Hidup Rakyat: Bersih 3.0 in KL


Soalan ditanyakan. Jawapan disediakan
The question has been asked. The answer is ready

I live in Kuala Lumpur, currently. My 32-hour stopover in February wasn’t enough, so seven weeks and six countries later, I came back. I’m here temporarily, but for a longer period of time than I spend in most places. I’ve been exploring the city, learning Malay, cooking and eating epic food, following lizards around, and waking up next to someone I’m completely smitten with. And last Saturday afternoon I found myself in front of the Lotus Hotel in the city centre, surrounded by protesters who had just been tear gassed.

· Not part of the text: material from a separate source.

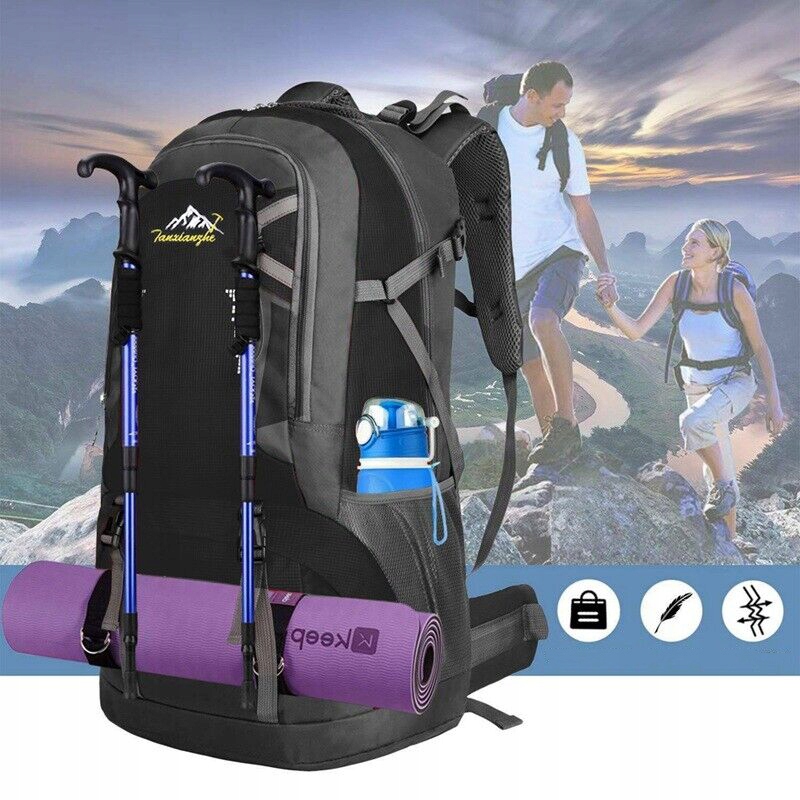 Історичний туристичний рюкзак, водонепроникний чоловічий рюкзак для подорожей на відкритому повітрі, водонепроникний 60 л, чорний

Behind me, two young women were crying “Allāhu Akbar.” I got out of the way as a trampled body was carried into the hotel. Bottles of water were thrown to the street from the upstairs windows, and eventually a couple of emergency fire hoses were aimed from them as well, to cheers from the crowd down below. Protesters offered salt and water to each other. Riot police paced at the corner of the street, so I figured I wasn’t going anywhere for a while. Masjid Jamek LRT station was closed, but its metal shutters had been broken by people desperate to escape the gas, and police would later follow them in to beat them.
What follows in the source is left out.